■ Exercise directions
Using the entries that follow, transcribe only the lines from the line with "Some places in" to the line with "देहरादून | उत्तराखंड", both included, exactly as they stand and without pictures.

** Opening Information given block **

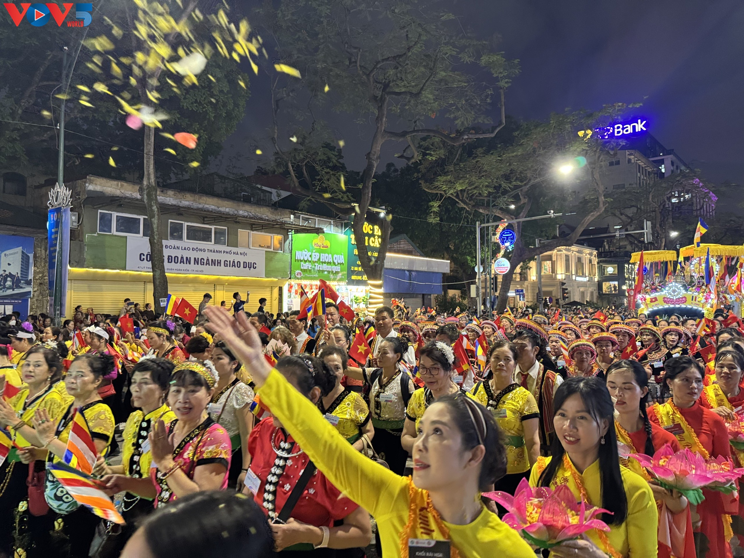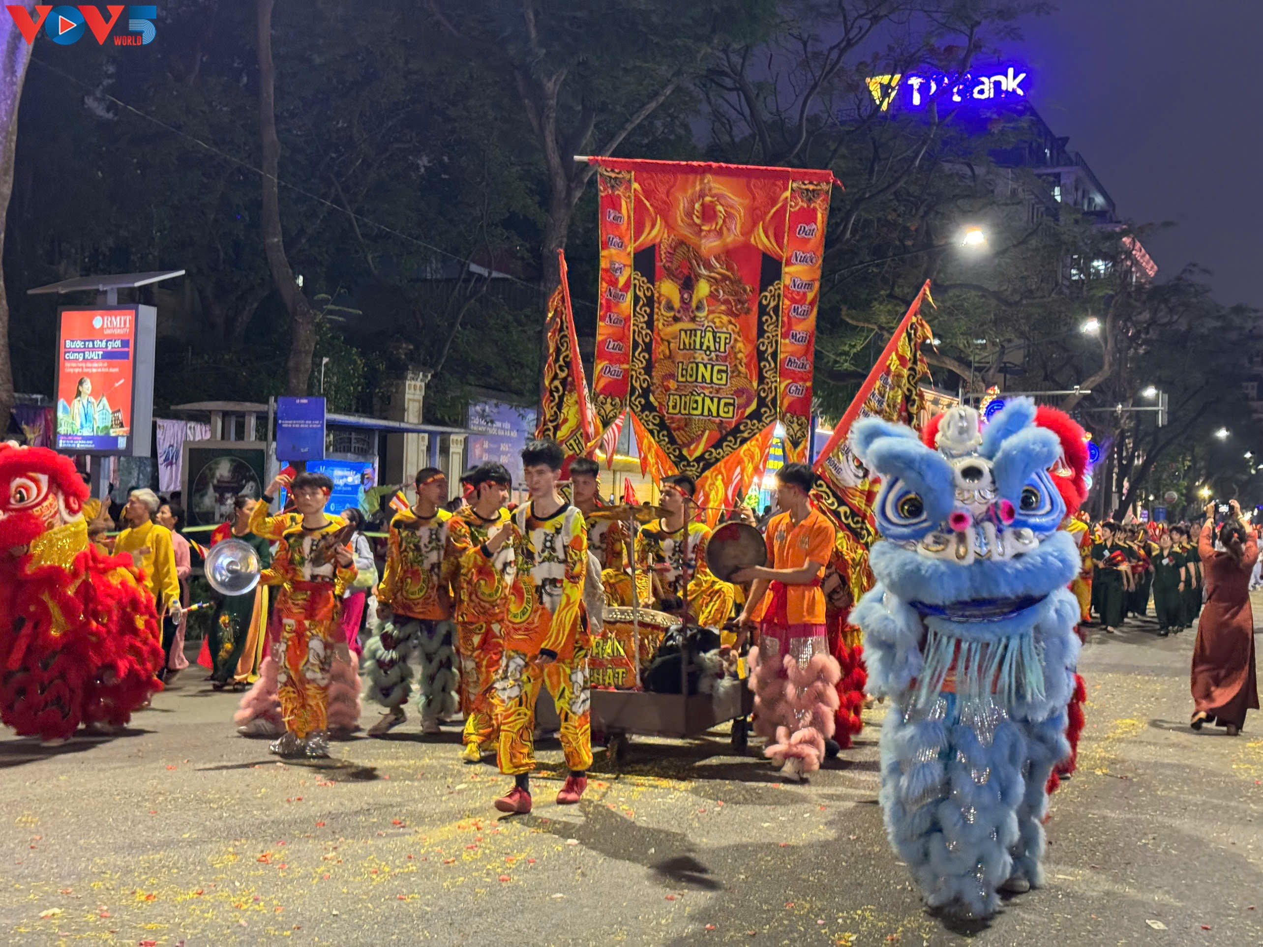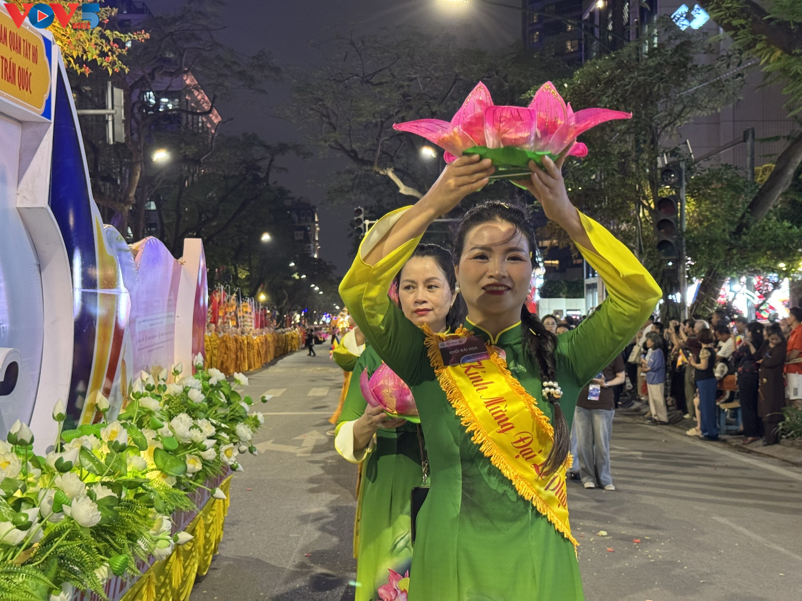 Các nữ Phật tử trong trang phục áo dài truyền thống, tay nâng đèn hoa sen, tạo nên không khí trang nghiêm và rực rỡ sắc màu trên đường phố Hà Nội. Ảnh: Lê Huy |
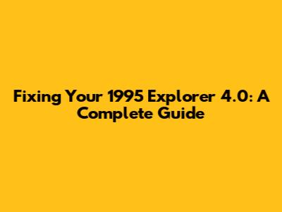 Fixing Your 1995 Explorer 4.0: A Complete Guide
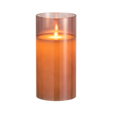 Candela Led in Vetro Colore Marrone con Fiamma Realistica h 20 cm
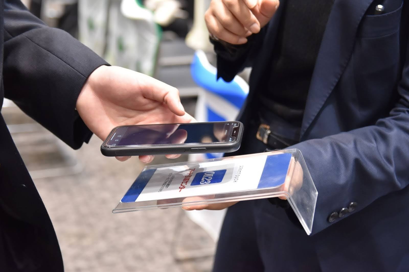 今回導入されたMEET EASY ACCESSは、MEET株式会社が独自開発しビジネスモデル特許申請済みのシートタイプのMEETです。スマホを覆うサイズで、どんなスマートフォン(NFC対応端末)でもかざすだけで即コンテンツにアクセスすることができるため、ブースに立ち寄る時間がない学生とも、マッチングの機会を損失することなくコミュニケーションの場を生み出すことができました。
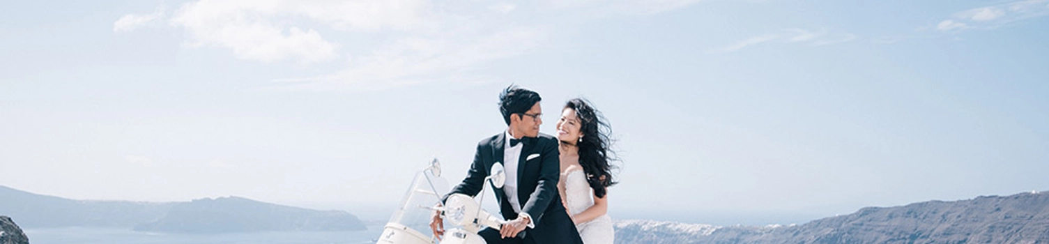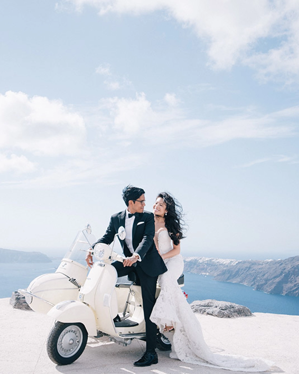 Some places in the world are just made for picture perfect postcards, and Santorini, Greece, is one of them. Situated by the Mediterranean Sea, Santorini’s gorgeous whitewashed buildings are set against the most breathtaking backdrop, where the azure sea meets cloudless blue skies. Now imagine an excited wedding party ready to celebrate the marriage of these newlyweds, and you’ve got yourself a destination wedding they won’t soon forget. Many thanks to Ben Yew Photography for capturing this tastefully simple and traditionally romantic wedding!
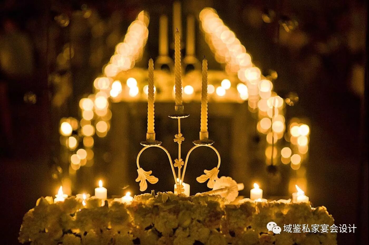 浪漫温馨的气氛还是需要烛光来营造。婚礼音乐缓缓响起,在摇曳的烛光下许下一生的承诺。
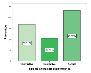 En relación con el diagnóstico funcional según espirometría, inicialmente se analizó el tipo de alteración espirométrica obtenida en los pacientes objeto de estudio (ver tabla 3).
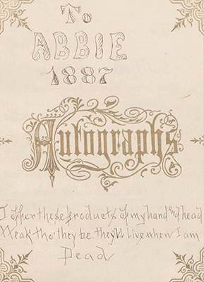 Although dating from the Middle Ages, the autograph album became very popular in the latter part of the 19th century. They were used to collect signatures of family members, friends, neighbors, and classmates and often displayed examples of fine penmanship, personal sentiments, verse, and drawings. Many varieties of commercially-available albums were produced, often with color lithograph vignettes on some pages; format was usually oblong with the average size being about 4½ x 7 inches. Examples in this collection were all owned by Michigan residents.
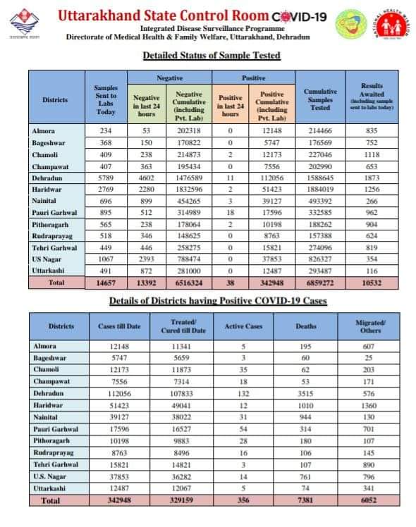 देहरादून | उत्तराखंड में 30 अगस्त 2021 को हेल्थ रिपोर्ट के अनुसार कोरोना मरीजो की संख्या हुई 342948 आज कुल 38 नए मामले मिले, कोरोना संक्रमण से आज प्रदेश में एक कि मौत हुई है | आज जहाँ 16 मरीज ठीक हुए वही 38 नये मरीज मिले |
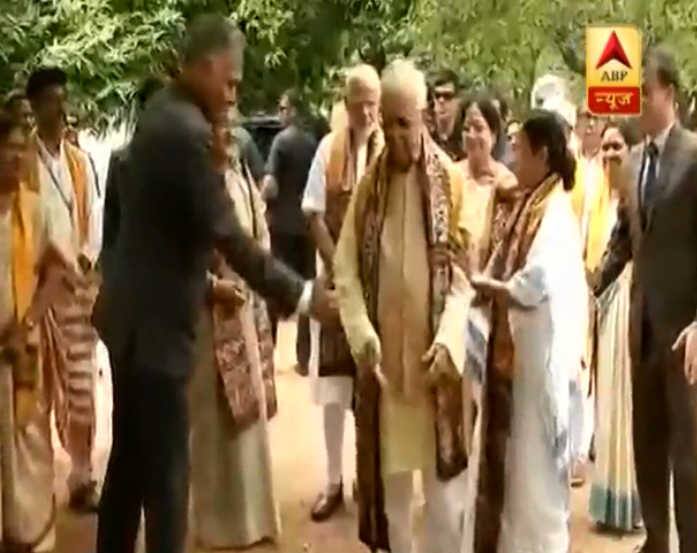 વળી, બીજી ઘટના શાંતિ નિકેતનમાં ઘટી, અહીં પીએમ નરેન્દ્ર મોદી, રાજ્યપાલન કેસરીનાથ ત્રિપાઠી અને સીએણ મમતા બેનર્જી ફોટો સેશનમાં પહોંચ્યા. આ દરમિયાન ગવર્નર કેસરીનાથ ત્રિપાઠી વારંવાર પીએમ મોદીની આગળ જઇ રહ્યાં હતા. ત્યારે સીએમ મમતા બેનર્જીએ લગભગ ધક્કો મારતા પીએમ મોદીની આગળથી ગવર્નરને હટાવી દીધા, જોકે સીએમ મમતા બેનર્જીના હાવભાવથી એવું લાગ્યું કે તેમને મજાકીયા અંદાજમાં આમ કર્યું હતું. તેમના ચહેરા પર હાસ્ય સ્પષ્ટ દેખાતું હતું.
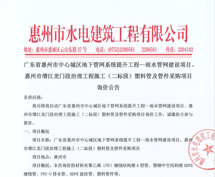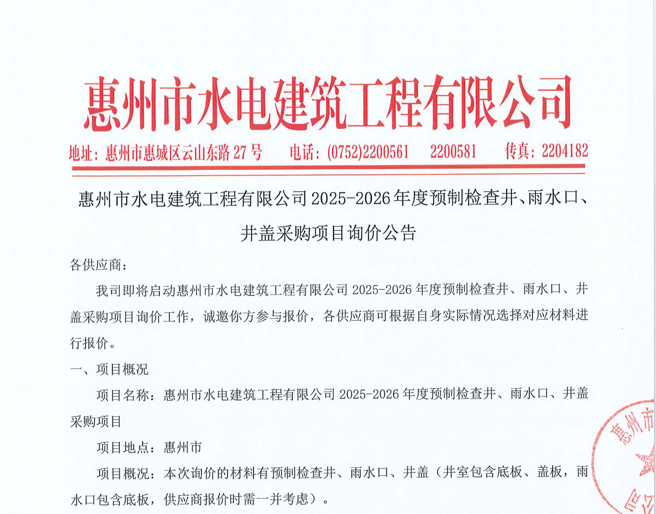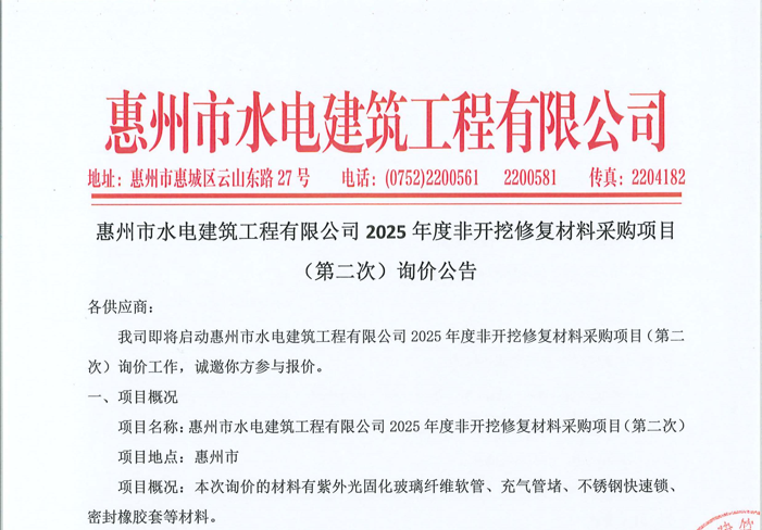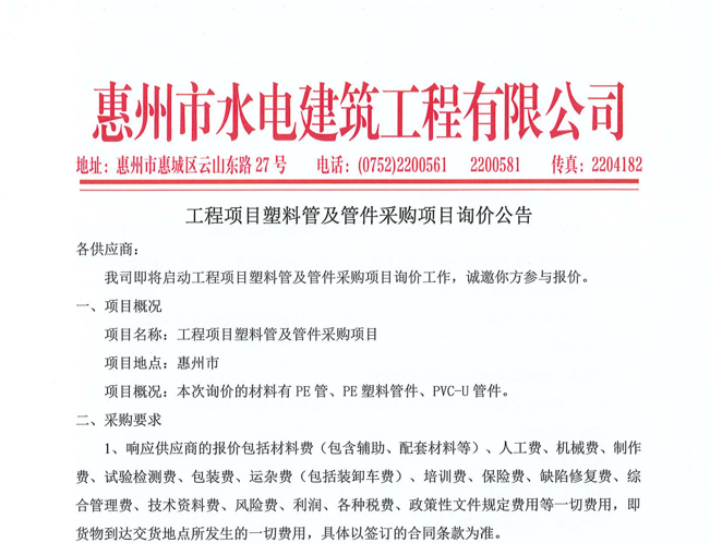 惠州市水電建筑工程有限公司成立于一九六四年四月,隸屬惠州市水務集團有限公司,是一家國有綜合性施工企業,主營水利水電工程、房屋建筑、市政工程等施工業務。公司擁有水利水電工程施工總承包一級、建筑工程施工總承包一級、市政公用工程施工總承包一級、公路工程施工總承包三級,公路路基、路面及建筑裝修裝飾專業承包二級,環保工程、機電安裝、河湖整治、輸變電工程專業承包三級等經營資質……

** Closing Information given block **

■ Solution
 Some places in the world are just made for picture perfect postcards, and Santorini, Greece, is one of them. Situated by the Mediterranean Sea, Santorini’s gorgeous whitewashed buildings are set against the most breathtaking backdrop, where the azure sea meets cloudless blue skies. Now imagine an excited wedding party ready to celebrate the marriage of these newlyweds, and you’ve got yourself a destination wedding they won’t soon forget. Many thanks to Ben Yew Photography for capturing this tastefully simple and traditionally romantic wedding!
 浪漫温馨的气氛还是需要烛光来营造。婚礼音乐缓缓响起,在摇曳的烛光下许下一生的承诺。
 En relación con el diagnóstico funcional según espirometría, inicialmente se analizó el tipo de alteración espirométrica obtenida en los pacientes objeto de estudio (ver tabla 3).
 Although dating from the Middle Ages, the autograph album became very popular in the latter part of the 19th century. They were used to collect signatures of family members, friends, neighbors, and classmates and often displayed examples of fine penmanship, personal sentiments, verse, and drawings. Many varieties of commercially-available albums were produced, often with color lithograph vignettes on some pages; format was usually oblong with the average size being about 4½ x 7 inches. Examples in this collection were all owned by Michigan residents.
 देहरादून | उत्तराखंड में 30 अगस्त 2021 को हेल्थ रिपोर्ट के अनुसार कोरोना मरीजो की संख्या हुई 342948 आज कुल 38 नए मामले मिले, कोरोना संक्रमण से आज प्रदेश में एक कि मौत हुई है | आज जहाँ 16 मरीज ठीक हुए वही 38 नये मरीज मिले |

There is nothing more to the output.